Implementing a GSP experiment depends on the following three classes:

You can define a custom Gibbs sampling experiment through the following steps:

  1. Define a custom GibbsNode class. You need to customize two aspects of this class: the vector_length attribute and the random_sample method. The vector_length attribute should correspond to the dimensionality of your stimulus space. The random_sample method should determine how to sample randomly from the ith dimension of that stimulus space.

  2. (Optional) define a set of start_nodes. These set the initialization parameters for each GSP chain. You may wish to give different nodes different ‘contexts’ via the context argument: these are parameters that will stay constant within a chain but may change between chains. You may also wish to assign different nodes to different participant groups via the participant_group argument. If you are planning a within-participant Gibbs procedure (where each participant has their own chains) then this needs to be wrapped in a lambda function that can optionally take the participant object as an input.
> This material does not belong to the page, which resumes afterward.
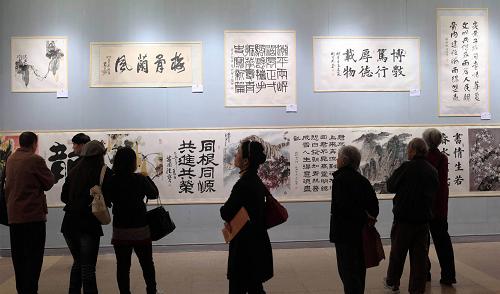 10月28日,觀眾在北京舉行的“海峽兩岸書畫家交流活動作品展”上欣賞書法繪畫作品。 新華社發(羅偉 攝)

  3. Implement a subclass of GibbsTrial with a custom show_trial() method. This show_trial() method should produce an object of class Page [1] that presents the participant with some dynamic stimulus (e.g. a color or a looping audio sample) that jointly

    1. Embodies the fixed network parameter, e.g. "forest", found in trial.network.definition;

    2. Embodies the free network parameters, e.g. [255, 25, 0], found in trial.initial_vector;

    3. Listens to some kind of response interface, e.g. an on-screen slider, which manipulates the value of the ith free network parameter, where i is defined from trial.active_index.

    4. Returns the chosen value of the free network parameter as an answer.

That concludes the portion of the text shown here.